German physicist (1933–2020)

Dr. Hans Adolf Breuer (22 October 1933 in Frankfurt, Germany – 19 April 2020 in Somerset West, South Africa) was a German physicist and author of 23 mainly scientific books.

== Life ==
Hans Adolf Breuer was born in Frankfurt and grew up in Berlin. After finishing school with Abitur, he studied physics in Berlin and later Frankfurt, gaining a Diplom in July 1958 (summa cum laude, thesis: A Range-Energy-Relation for Fast Electrons).

He was a scientist at the Max-Planck-Institute for Biophysics in Frankfurt, where he received a Dr. phil. nat. (PhD) degree in February 1962 (cum laude, thesis: Spectrum of Photo Neutrons from Lead).

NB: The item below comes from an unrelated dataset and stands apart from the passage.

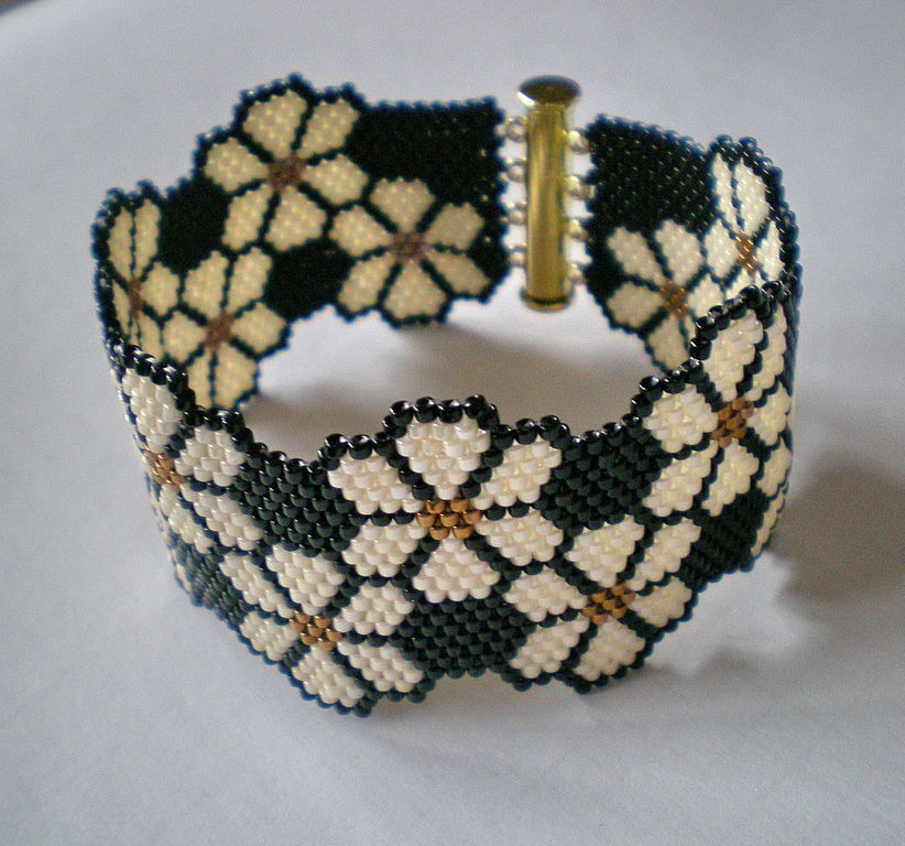 браслет, браслет из бисера, цветы, браслет ручной работы

Between May 1962 and April 1964, he studied medicine at the Universities of Innsbruck and Tübingen as a fellow of the Studienstiftung. From May 1964 until April 1965, he was a postdoctoral researcher at the Linac in Saskatoon, Canada.

In July 1966, he worked as a scientist at the Technical University Darmstadt. In 1967, he was married to Rosemarie Berg and accepted the position of assistant professor for physics at the University of Saskatchewan, where his first son was born.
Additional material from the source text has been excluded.